3 Responses to “Ideas”


  1. 1 Razor

    Interesting thought. Sounds like some sort of wiki would be appropriate. Problem is, before you can speak with real authority about what ideas work well in games you have to have tried them. The most valuable thing, to me at least, is the lessons learned from attempting to implement an idea. Was it perfect? If not, what adjustments were needed? Was it a flop? There are things which look great on paper, but don’t work well in practice.

    Mock ups or whatever to try out each idea would give you a huge amount of credibility. Unfortunately, they’re hard work. Just a mini mod to an existing game like unreal would be enough, but that’s still an investement. And perhaps it wasn’t your intent to give people proven ideas they can use, but to let them try what sounds good to them. I don’t know. The way you said “I think it would be cool to have an almost step by step collection of ‘if you want this in your game you could do it like this’.” made me think of a repository of small scale, tested ideas with notes on how they work, their good and bad points, etc. Such a thing could be very useful, and also very difficult to create.
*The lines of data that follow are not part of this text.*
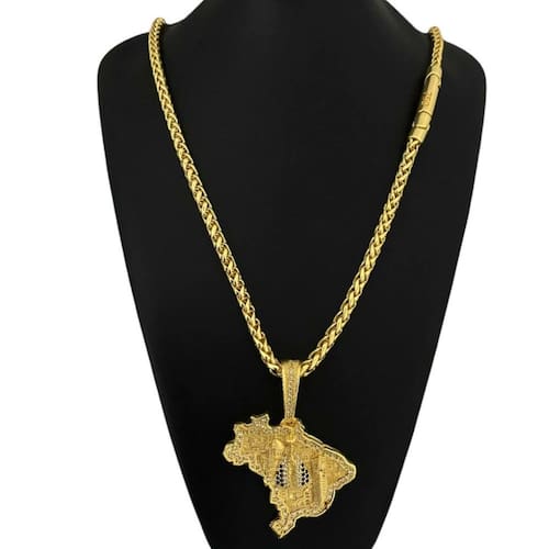 Cordão Peruano 8mm + Pingente Santa Brasil - Banhado a Ouro Detalhes do Produto: Material: ligas metálicas de alta qualidade, especialmente tratadas para fixação e absorção do ouro, com acabamento em verniz protetor. Aparência: visual idêntico ao ouro maciço. Produção: artesanal, com atenção meticulosa aos detalhes. Banho: 10 camadas espessas de ouro 18k, finalizadas com verniz antialérgico . Elos: soldados varia conforme o modelo . Pedras: zircônias brilhantes cravejadas quando aplicável . Tamanhos Disponíveis: Cordões Masculinos: 70cm padrão e 60cm sob consulta/Pedido Via Chat . Cordões Femininos: 50cm padrão e 45cm sob consulta/Pedido Via Chat . Pulseiras: 21cm padrão ; tamanhos de 18cm a 23cm sob consulta/Pedido Via Chat. Pingentes: conforme imagens; consulte para mais detalhes via chat. Espessuras Recomendadas para Cordões / Pingentes: P: 1mm a 4mm M: 4mm a 8mm G: 6mm a 13mm Gg: 12mm a 18mm Incluso na Compra: Saquinho de organza para armazenamento seguro. Caixa elegante, perfeita para presente. Cupom de desconto para a próxima compra. Flyer com outros produtos da coleção. Carta de agradecimento personalizada. Adesivo da marca ToJoia18k. Informações Adicionais: : 6 meses termos acompanham o produto . Devolução: 7 dias para devolução sem questionamentos. Envio: despacho em até 24 horas úteis após confirmação do pagamento. Cuidados com a Peça: Evite contato com produtos químicos; aguarde o perfume secar antes de usar. Evite contato com shampoo, condicionadores e suor excessivo. Armazene em local seco, preferencialmente no saquinho de organza fornecido. Uso no mar e piscina é permitido; lave com água corrente e sabão neutro após. Por que Escolher a ToJoia18k Semi-joias luxuosas que combinam estilo, qualidade e sofisticação. Banho espesso de ouro 18k, garantindo brilho duradouro e acabamento impecável. Design exclusivo e produção artesanal, perfeitos para qualquer ocasião. Materiais premium que asseguram durabilidade. Ao escolher uma semi-joia ToJoia18k, você investe em qualidade, elegância e uma experiência única. Aguardamos sua compra Observação: pode ocorrer variação no fecho raramente . Imagens reais, sem edição. Qualquer dúvida, estamos à disposição para esclarecimentos. Marca: Tojoia18K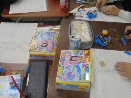(中・下)豆電球とじしゃくの実験セットを組み立てています。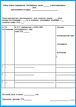 Обязанность ведения реестра членов ТСЖ возлагается на правление ТСЖ (ч. 7 ст. 148 ЖК). Реестр нужно вести непрерывно, в нем должны быть отражены все изменения, касающиеся идентификации членов ТСЖ, размера долей в праве общей собственности на общее имущество в МКД. Листы реестра необходимо пронумеровывать и прошивать.

    I must admit, though, I’ve never really designed a game. Not on paper anyhow. The very few games I have made, I just made it up as I went along. It’s always seemed pretty obvious what a game needs when you can play it, although they were all very simple.

  2. 2 Tom

    I wasn’t implying that the ideas would come from me only. I don’t think I’m the authority on any subject, just that I have views and interest in certain subjects. The website would be taking ideas and what works from existing games, game post-mortems and what I would like to call the ‘collective understanding’. This is where ‘most’ people found something easy / hard to pick up. It’s often apparent when something is intuitive and I’d like to catalogue what it was and why it was intuative.

    I guess I don’t really mean best, probably something more like ‘this worked well here’ or ‘lots of people found this good’. I’d like to think that we would be aiming for the best way to do something in a certain situation and that there may be multiple ideal methods but what we currently have isn’t there yet.

    I think your description is great, that it would be a repository of ideas with the discussion and argument over why it’s good and what bad points it has. Perhaps with links to games that implement it and how they were received; what worked well what didn’t. It would also be nice if / when someone implements the idea that they comment on how it went, what they might change.

    It would be cool if it was the ‘nuts and bolts’ of game design / development. How to take an idea and put it into a game, or how to flesh out an idea. Things like continuity, common science fiction themes, control schemes, world war 2 weapons, etc.

    I guess there are three things: speculative ideas, concrete ideas and development resources. Over time the speculative ideas (wouldn’t it be cool if) might turn into concrete ideas (we did it this way) and continue to be expanded and discussed. Some things would just be feature lists, but may be expanded later - like deformable terrain. It could expand into implementation details if it hasn’t been covered before, or have links to the existing details.

    I would really enjoy working on something like this, and I think it could really benefit the community. If you know what is out there, and what has been done before and how you have more options. It changes from ‘how am I going to do this’ to ‘which way should I do this’ or I think I can do it better - and (hopefully) add it to the repository. This would be the groundwork and making games would be easier.

    It would definitely be difficult to create if they all had to be rigourously tested and perfected, but I think it wouldn’t be that difficult to setup a wiki and have the concepts under constant alteration and improvement.

  3. 3 Tom

    Something similar to Bad Game Designer, No Twinkie! (free reg required) but including ‘Good Game Designer, Pat on the Back’ concepts as well.